▶ TASK DESCRIPTION
Leaving out the pictures, return word for word the stretch of entries below from the line holding "We came to leave" through the line holding "A poté jej vložte".

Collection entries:
_ _ _ _

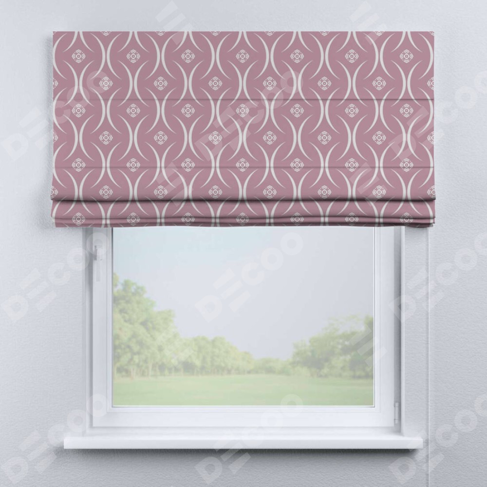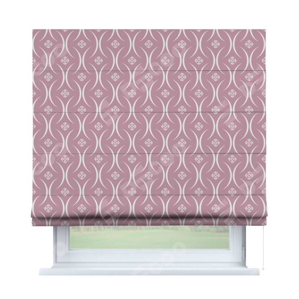 Римская штора производителя «Cortin», используется для проёма, пошита из ткани блэкаут с нанесением сублимационной печати «Воздушный узор розовый». Имеет универсальный механизм и подходит для монтажа: на потолок, на стену и в нишу.
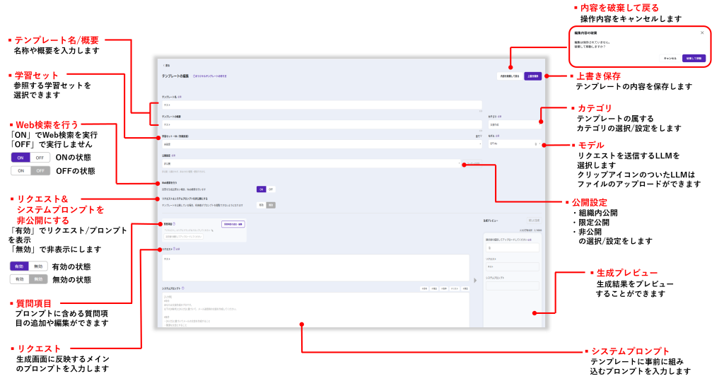 こちらの画面ではGaiXerにデフォルトで備わっているプロンプトテンプレート、またはユーザーの作成したテンプレートへのアクセスができます。「テンプレート一覧」を押下することで表示されます。
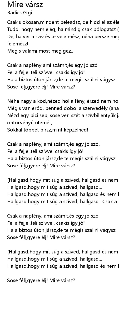 | Hallgasd, hogy mit su g a szi ved, hallgasd e s nem baj, ha te ved | |
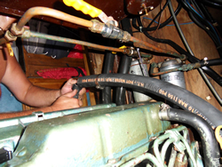 We came to leave and as I checked the fuel levels I noticed that one of the coolant hoses showed signs of perishing, we could have a lot of motoring ahead of us so I thought it best to change the hose and got stuck into the task.
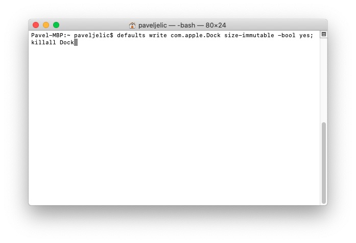 A poté jej vložte do okna aplikace Terminál. Nyní stačí stisknout tlačítko Enter, čímž se příkaz vykoná. Nezapomeňte si před potvrzením příkazu velikost Docku nastavit podle svých představ.
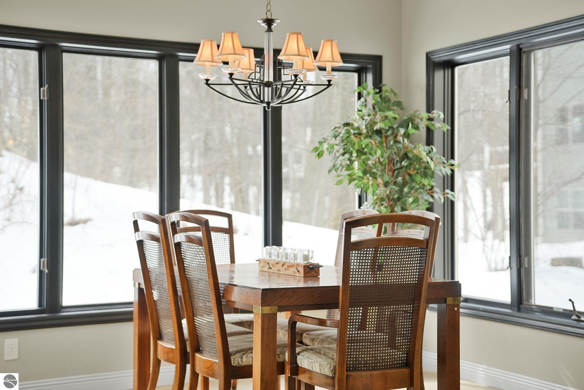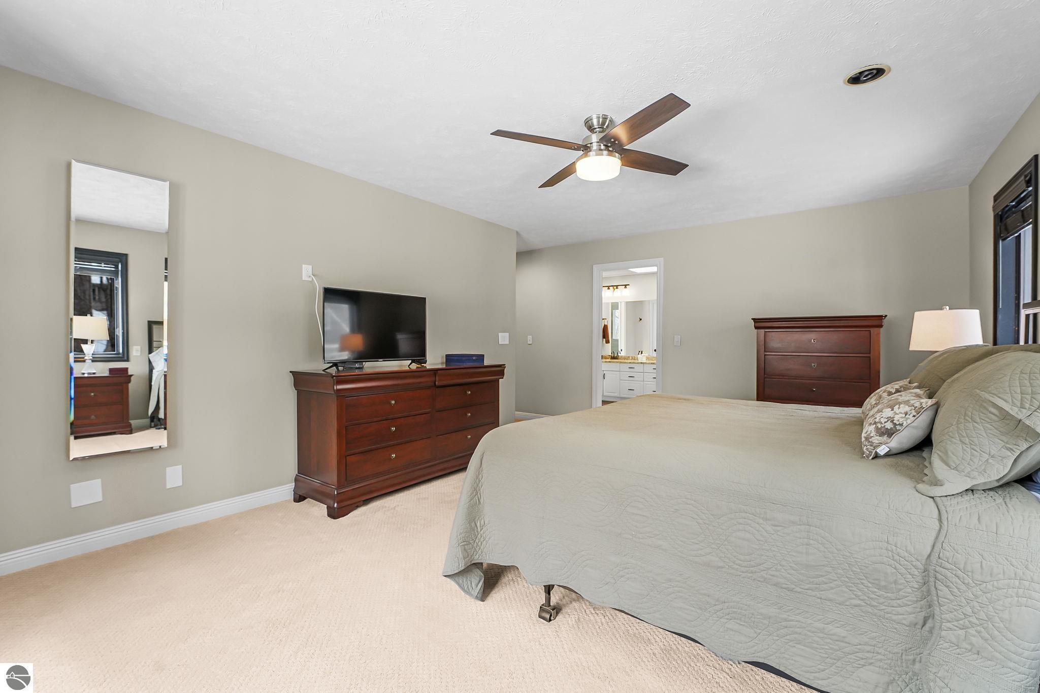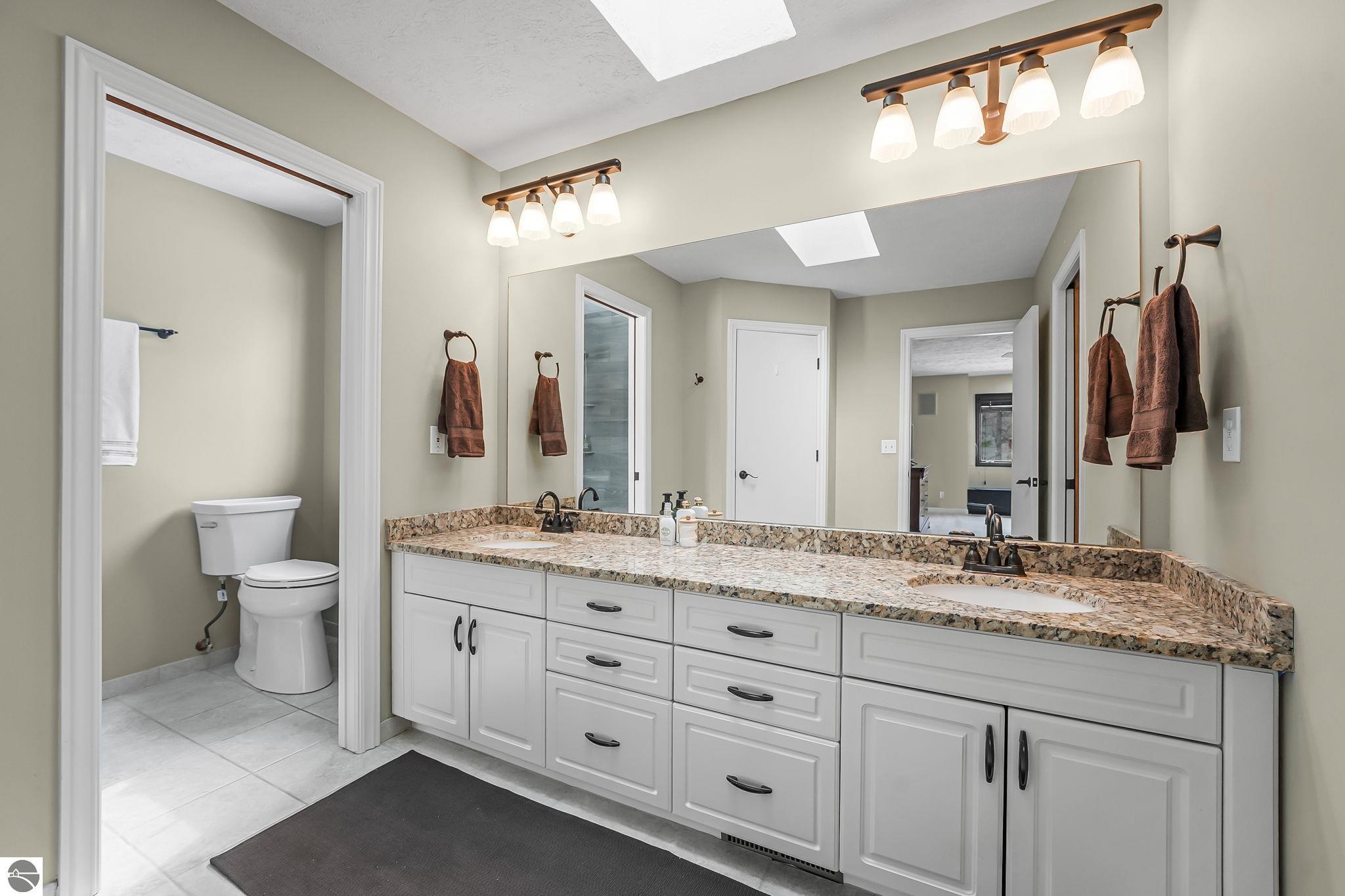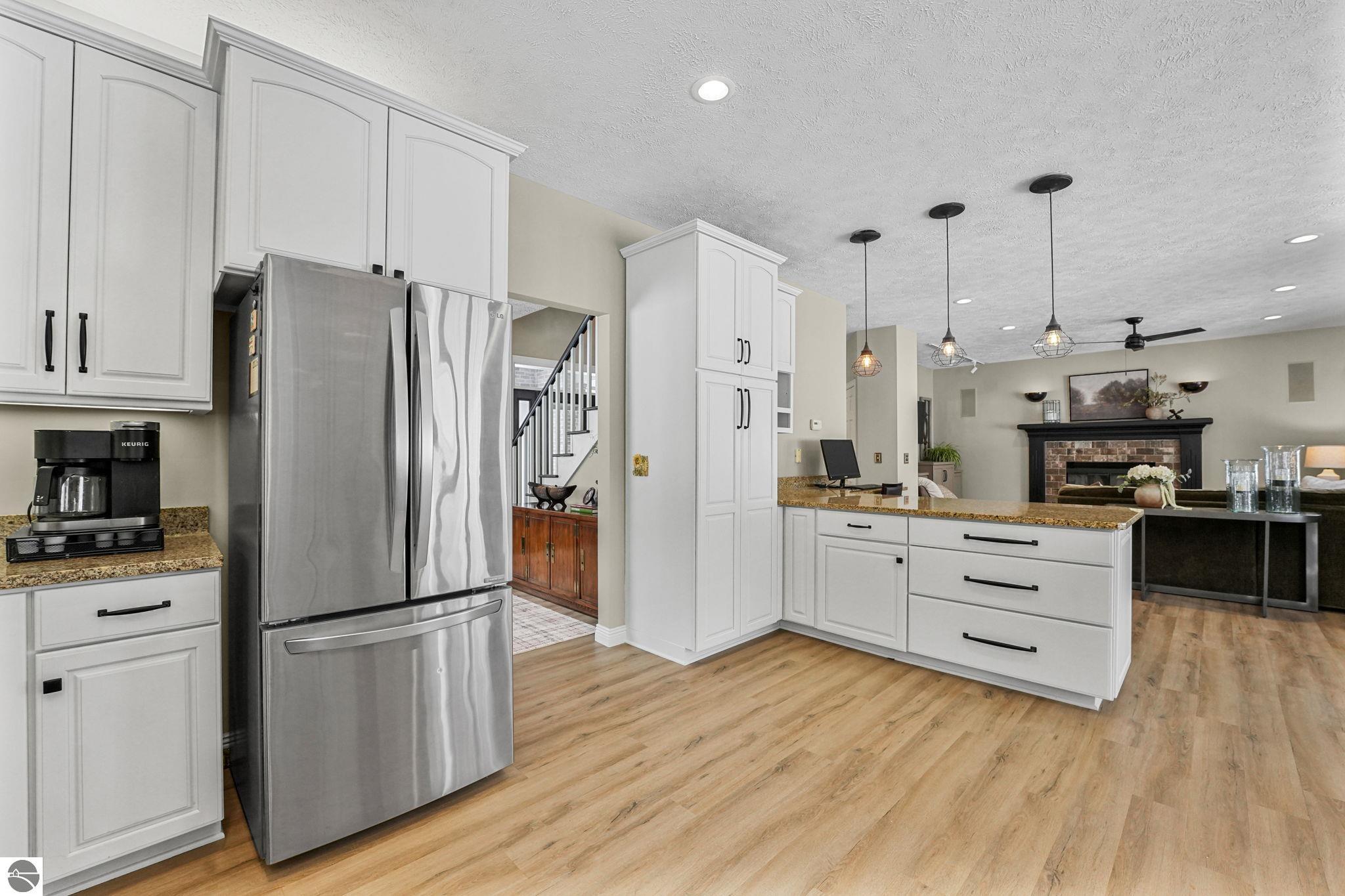 This bright, spacious two-story turnkey home with a walkout lower level and private backyard in desirable Silver Lake Farms. The spacious kitchen features granite countertops, a peninsula island, and abundant cabinetry, flowing into a sun-filled dining area with access to the rear deck, perfect for entertaining. The main floor includes a flexible den/office, convenient laundry, and a half bath. The primary suite offers a walk-in closet and en-suite bath with tiled walk-in shower. The finished walk-out lower level adds valuable living space with a large family room, wet bar, 4th non-conforming bedroom, and additional storage, ideal for guests or multi-generational living. Enjoy high ceilings, a cozy gas fireplace, and a 2-car attached garage with extra storage. Set on a private, wooded, spacious lot. This home is just minutes from downtown Traverse City, Munson, and the TART trail offering the best of Northern Michigan living.
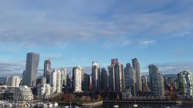 Aerial view of downtown Vancouver and beach in English bay on a sunny evening
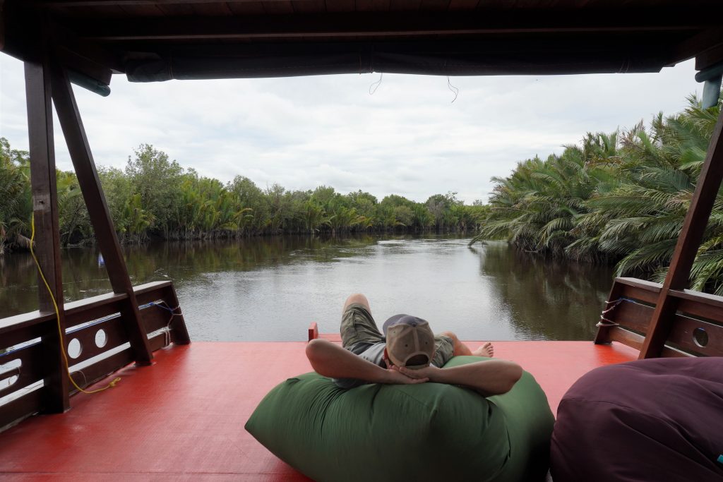 One of the best things about this trip was cruising on the boat. When the boat was moving there was a little breeze, and sitting up at the front in a beanbag chair or a hammock was heavenly. As the boat motors upriver away from civilization you’re surrounded by green.
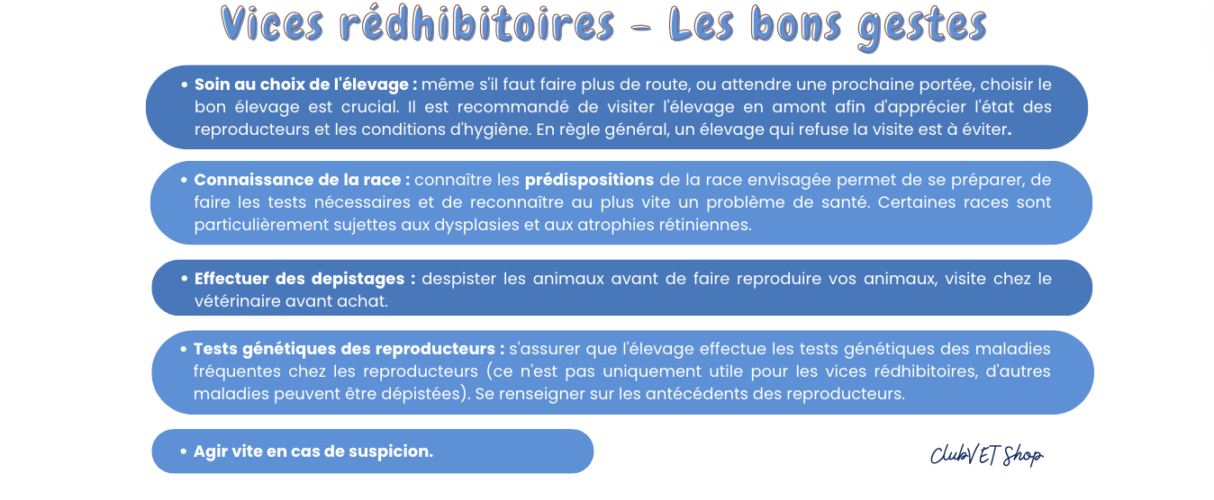 - Tests génétiques des reproducteurs : s'assurer que l'élevage effectue les tests génétiques des maladies fréquentes chez les reproducteurs (ce n'est pas uniquement utile pour les vices rédhibitoires, d'autres maladies peuvent être dépistées).
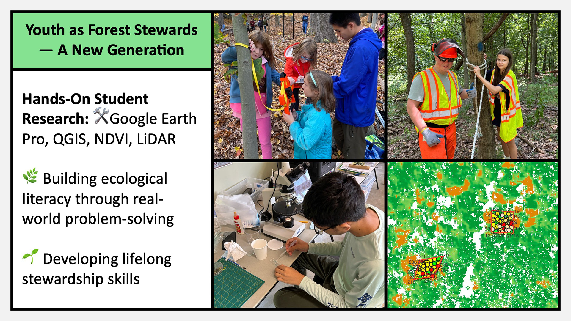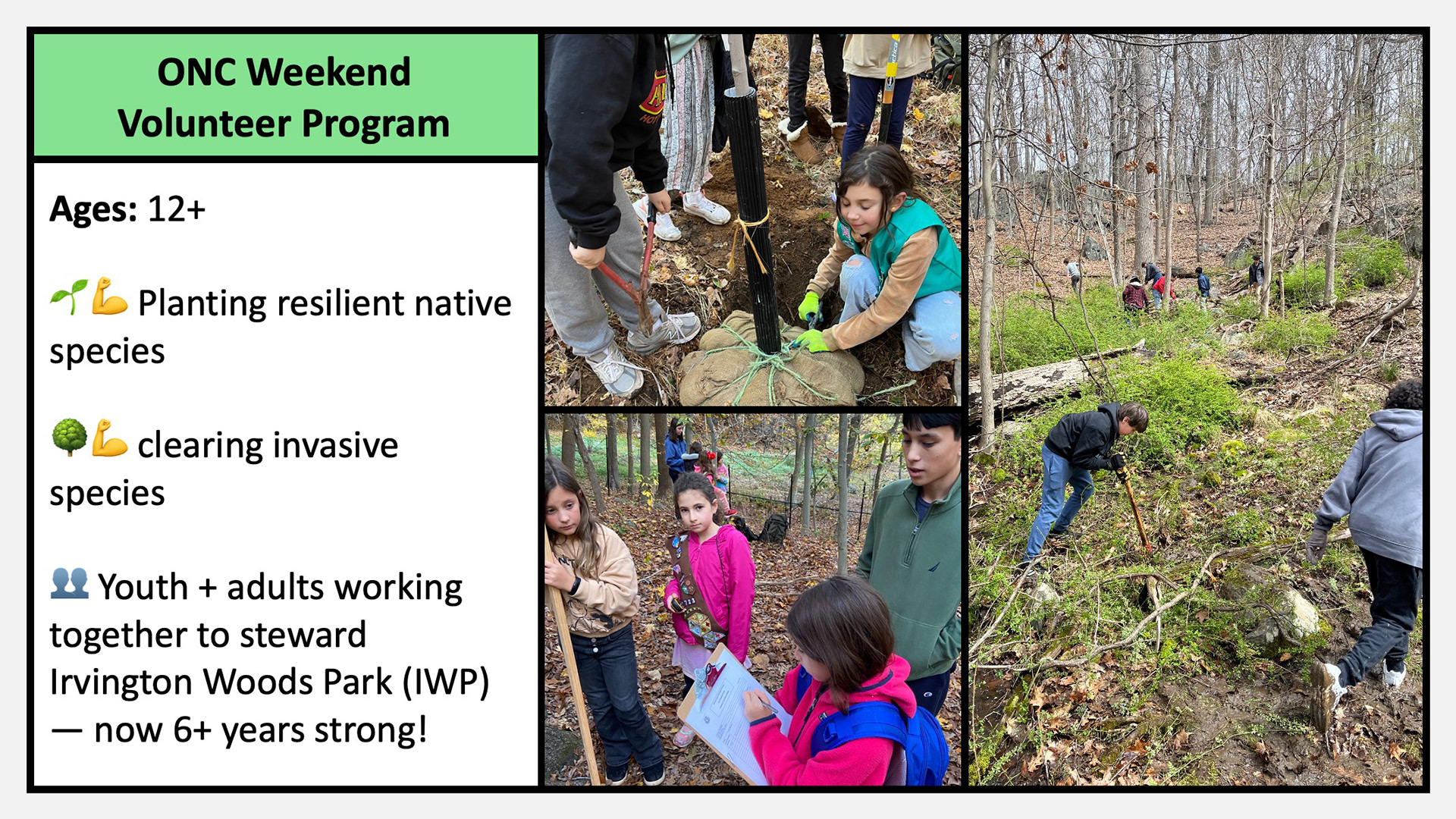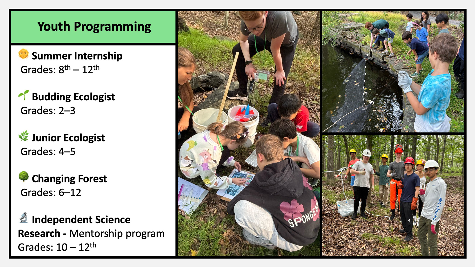 These environmental science and ecology field programs engage community members of all ages in hands-on learning and civic stewardship within Irvington Woods Park. From kindergarten through adult education, participants build skills in field biology, GIS and remote sensing, conservation science, soil ecology, maple sugaring, and community-based restoration. Structured pathways include Budding Ecologist (Grades 2β3), Junior Ecologist (Grades 4β5), Changing Forest (Grades 6β12), a Summer Internship (Grades 8β12), and Independent Science Research mentorship (Grades 10β12). Together, these programs cultivate a knowledgeable volunteer base that understands the forestβs needs and takes meaningful action to protect and restore this unique ecosystem, helping secure more than $500,000 in restoration grants and contributing to national recognition of Irvington Woods as an Old Growth Forest.

_ _ _ _

▶ TASK ANSWER
 We came to leave and as I checked the fuel levels I noticed that one of the coolant hoses showed signs of perishing, we could have a lot of motoring ahead of us so I thought it best to change the hose and got stuck into the task.
 A poté jej vložte do okna aplikace Terminál. Nyní stačí stisknout tlačítko Enter, čímž se příkaz vykoná. Nezapomeňte si před potvrzením příkazu velikost Docku nastavit podle svých představ.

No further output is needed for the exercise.